### ASSIGNMENT
Keep the images out while you set down the data exactly.

### TASK INPUT
###
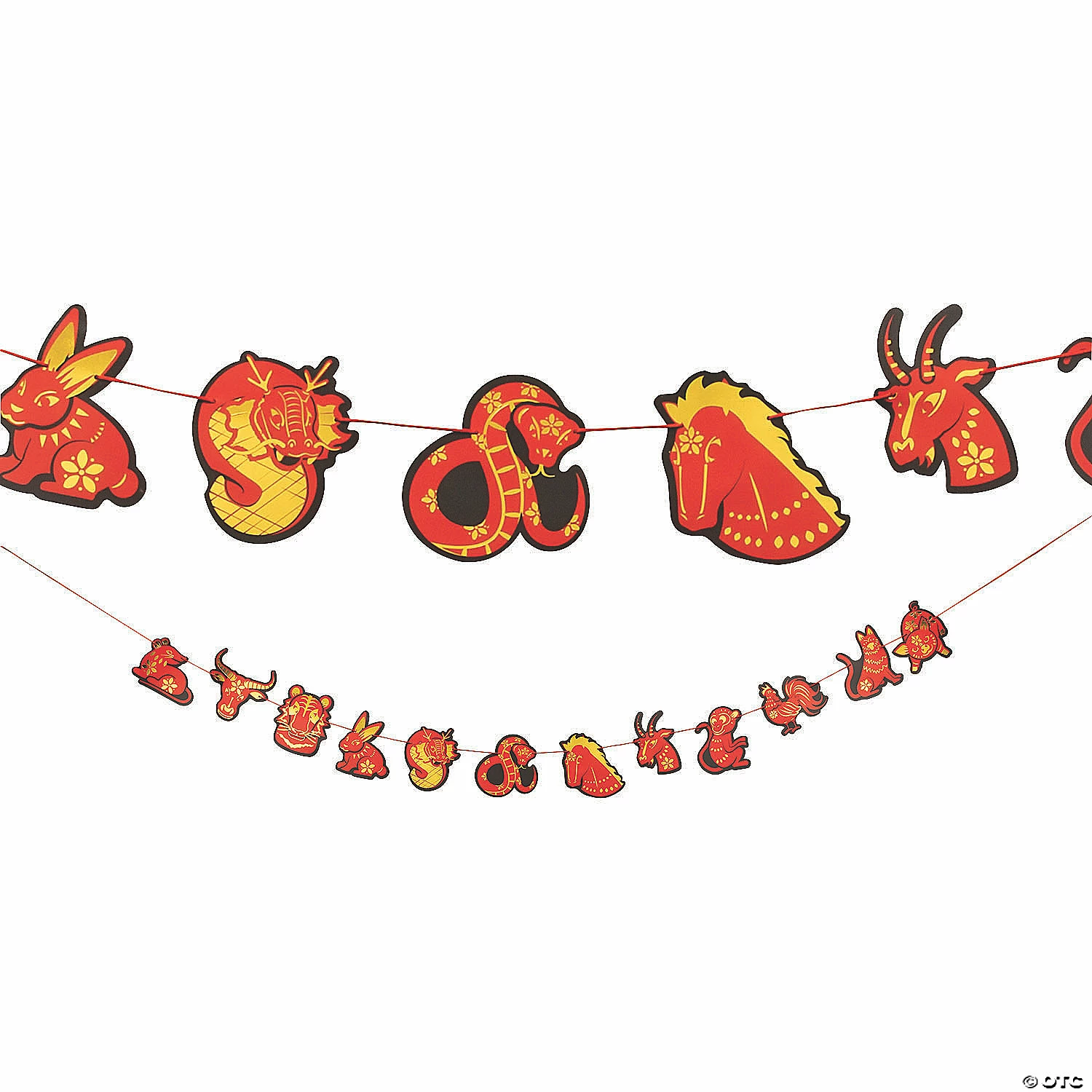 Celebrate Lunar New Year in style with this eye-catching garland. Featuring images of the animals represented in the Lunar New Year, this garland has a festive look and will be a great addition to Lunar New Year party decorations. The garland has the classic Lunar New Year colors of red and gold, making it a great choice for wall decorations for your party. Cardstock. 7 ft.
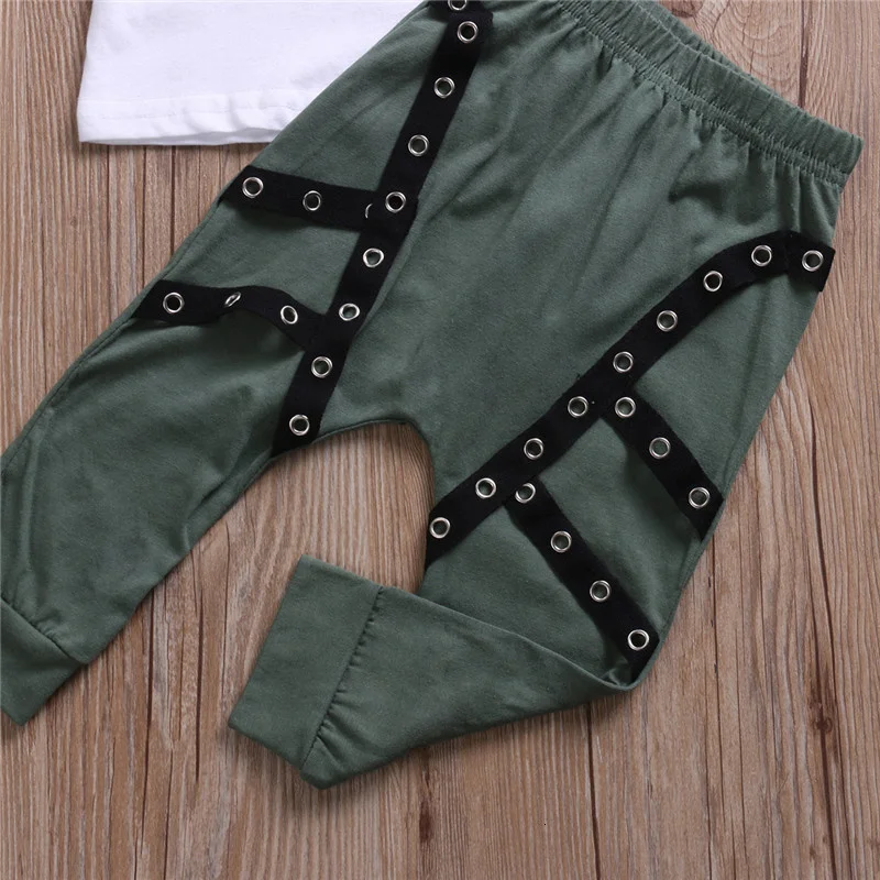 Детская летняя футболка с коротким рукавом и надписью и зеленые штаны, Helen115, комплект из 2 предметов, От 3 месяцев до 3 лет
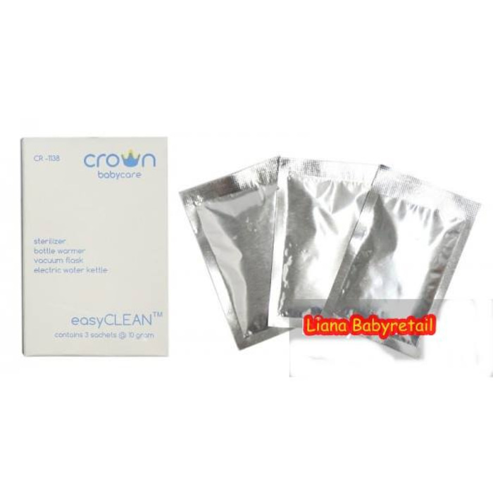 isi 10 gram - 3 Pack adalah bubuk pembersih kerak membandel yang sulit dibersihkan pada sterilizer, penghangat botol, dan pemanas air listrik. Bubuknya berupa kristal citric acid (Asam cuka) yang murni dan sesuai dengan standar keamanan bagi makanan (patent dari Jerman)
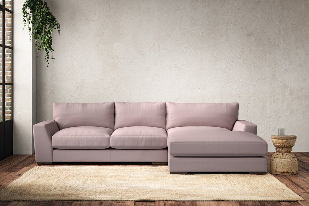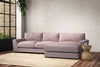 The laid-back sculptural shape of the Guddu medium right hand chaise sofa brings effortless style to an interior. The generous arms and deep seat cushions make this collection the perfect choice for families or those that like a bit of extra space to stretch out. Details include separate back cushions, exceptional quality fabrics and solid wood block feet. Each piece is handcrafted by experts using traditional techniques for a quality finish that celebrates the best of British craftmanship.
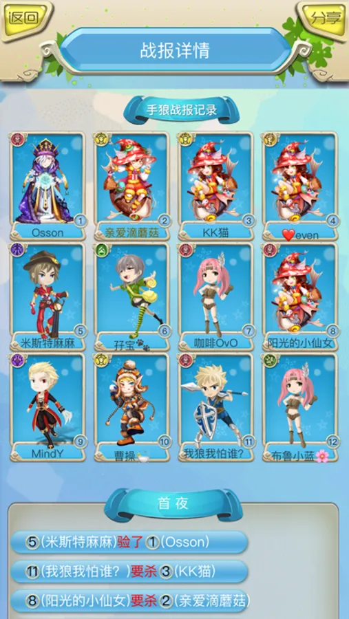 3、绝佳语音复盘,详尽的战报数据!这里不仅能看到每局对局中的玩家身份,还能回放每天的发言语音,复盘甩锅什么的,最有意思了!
###
### OUTPUT
 Celebrate Lunar New Year in style with this eye-catching garland. Featuring images of the animals represented in the Lunar New Year, this garland has a festive look and will be a great addition to Lunar New Year party decorations. The garland has the classic Lunar New Year colors of red and gold, making it a great choice for wall decorations for your party. Cardstock. 7 ft.
 Детская летняя футболка с коротким рукавом и надписью и зеленые штаны, Helen115, комплект из 2 предметов, От 3 месяцев до 3 лет
 isi 10 gram - 3 Pack adalah bubuk pembersih kerak membandel yang sulit dibersihkan pada sterilizer, penghangat botol, dan pemanas air listrik. Bubuknya berupa kristal citric acid (Asam cuka) yang murni dan sesuai dengan standar keamanan bagi makanan (patent dari Jerman)
 The laid-back sculptural shape of the Guddu medium right hand chaise sofa brings effortless style to an interior. The generous arms and deep seat cushions make this collection the perfect choice for families or those that like a bit of extra space to stretch out. Details include separate back cushions, exceptional quality fabrics and solid wood block feet. Each piece is handcrafted by experts using traditional techniques for a quality finish that celebrates the best of British craftmanship.
 3、绝佳语音复盘,详尽的战报数据!这里不仅能看到每局对局中的玩家身份,还能回放每天的发言语音,复盘甩锅什么的,最有意思了!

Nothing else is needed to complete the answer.